Sallyport Tower was one of the main defensive fortifications forming part of Newcastle’s city walls, built 1265 – 1307.
The tower was named because it was said to be used as a gateway from which the town’s garrisons would ‘sally forth’ to defend the city against Scottish besiegers. The postern gate was often used in times of siege for sallying forth (rush out from place of defence) to attack the marauding forces.
What you see today is not the full original Town Wall Tower as the upper part of it was destroyed during the 1644 siege by the Scots, the present structure is a restoration by the Shipwright’s and Carpenter’s Guild who used it to hold their meetings after it ceased to be a defensive Tower.
From the information panel
“This much altered tower stands on the line of the realigned Town Wall, built after 1298 to enclose the district of Pandon which had become newly incorporated into Newcastle.

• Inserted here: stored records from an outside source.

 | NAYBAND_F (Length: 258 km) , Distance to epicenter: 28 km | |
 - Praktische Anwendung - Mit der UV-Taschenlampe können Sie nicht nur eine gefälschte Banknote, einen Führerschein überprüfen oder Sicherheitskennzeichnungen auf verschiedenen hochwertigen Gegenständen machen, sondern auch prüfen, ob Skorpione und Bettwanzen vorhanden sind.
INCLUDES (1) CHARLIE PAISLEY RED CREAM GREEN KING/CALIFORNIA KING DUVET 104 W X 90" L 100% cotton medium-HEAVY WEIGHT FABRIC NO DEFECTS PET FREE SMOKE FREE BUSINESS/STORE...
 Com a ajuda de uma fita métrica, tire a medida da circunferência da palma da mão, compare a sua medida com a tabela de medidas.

It was probably constructed about 1307, and stood on a hill called the Wall Knoll which was part of a precinct of the first Carmelite or White Friars. To the west, the Town Wall dropped steeply into the now infilled Pandon Dene, and beyond Pandon Gate it rose again to join the Corner Tower. Eastwards the Town Wall curved gradually southwards to the River.

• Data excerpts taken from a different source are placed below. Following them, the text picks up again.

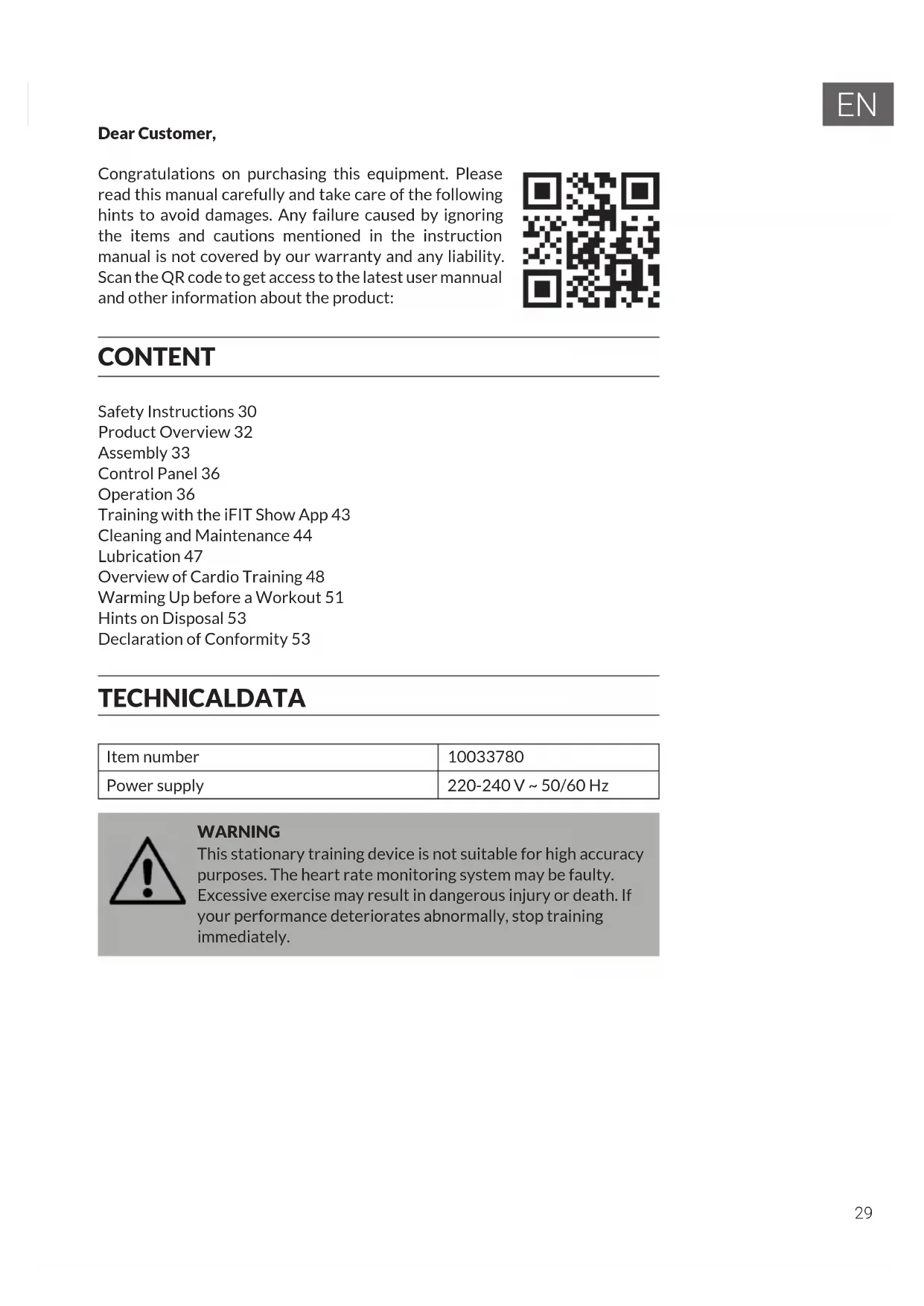 Dear Customer, Congratulations on purchasing this equipment. Please read this manual carefully and take care of the following hints to avoid damages. Any failure caused by ignoring the items and cautions mentioned in the instruction manual is not covered by our warranty and any liability. Scan the QR code to get access to the latest user mannual and other information about the product: CONTENT Safety Instructions 30 Product Overview 32 Assembly 33 Control Panel 36 Operation 36 Training with the iFIT Show App 43 Cleaning and Maintenance 44 Lubrication 47 Overview of Cardio Training 48 Warming Up before a Workout 51 Hints on Disposal 53 Declaration of Conformity 53 TECHNICAL DATA Item number
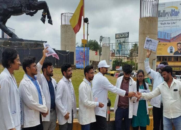 ಶನಿವಾರ ನಗರದ ಚನ್ನಮ್ಮ ವೃತ್ತ ಹಾಗೂ ಕೆಎಂಸಿ ಆಸ್ಪತ್ರೆಯ ಎದುರು ಸಮಾವೇಶಗೊಂಡ ವಿದ್ಯಾರ್ಥಿಗಳು ಚಹಾ ಮಾರುವ ಮೂಲಕ ಪ್ರತಿಭಟನೆ ನಡೆಸಿದರು. ವೈದ್ಯ ವೃತ್ತಿ ಮಾಡುವುದಕ್ಕಿಂತ ಚಹಾ ಮಾರುವುದು ಸುರಕ್ಷಿತ ಹಾಗೂ ಲಾಭದಾಯ ಎಂಬ ಉದ್ದೇಶದ ಮೂಲಕ ವಿಭಿನ್ನವಾಗಿ ಪ್ರತಿಭಟಿಸಿ ಆಕ್ರೋಶ ವ್ಯಕ್ತಪಡಿಸಿದರು.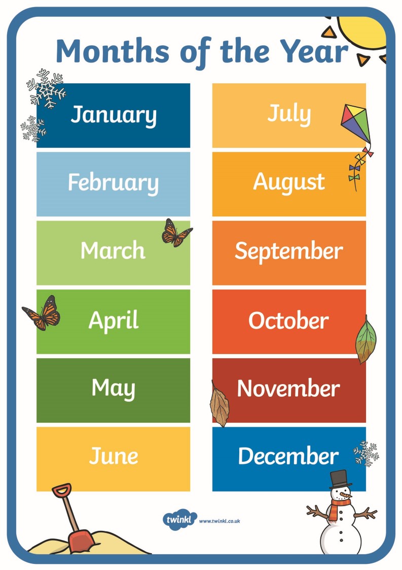 Months Of The Year Poster For Kids لوحة عن اشهر السنة للاطفال Months In A Year Projects To Try Kids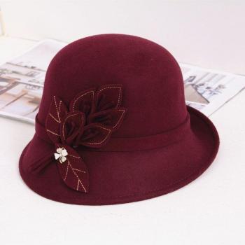 Sombrero Vintage de lana para mujer con lazo en cúpula rosa

The Tower was leased by the Corporation of Newcastle to the company of Shipwrights (also known as the Carpenters), at least as early as 1638. The Company rebuilt the upper part of the Tower in its present form in 1716. In 1957 the tower passed back into the hands of the Corporation and was extensively restored
The Tower is rectangular, which is unusual on the Town Walls of Newcastle, where D-shaped towers were normally built. The only other tower of similar shape was on the riverside on the western part of the circuit, probably built in the 15th century. The present arched gateway and walling on the left belongs to the Shipwrights rebuilding. Before this the Tower projected forward from the Town Wall and had loopholes in all three sides. The interior has a plain vault to the ground floor chamber and is unusual in having a spiral staircase rising from this chamber to the Wall walk.”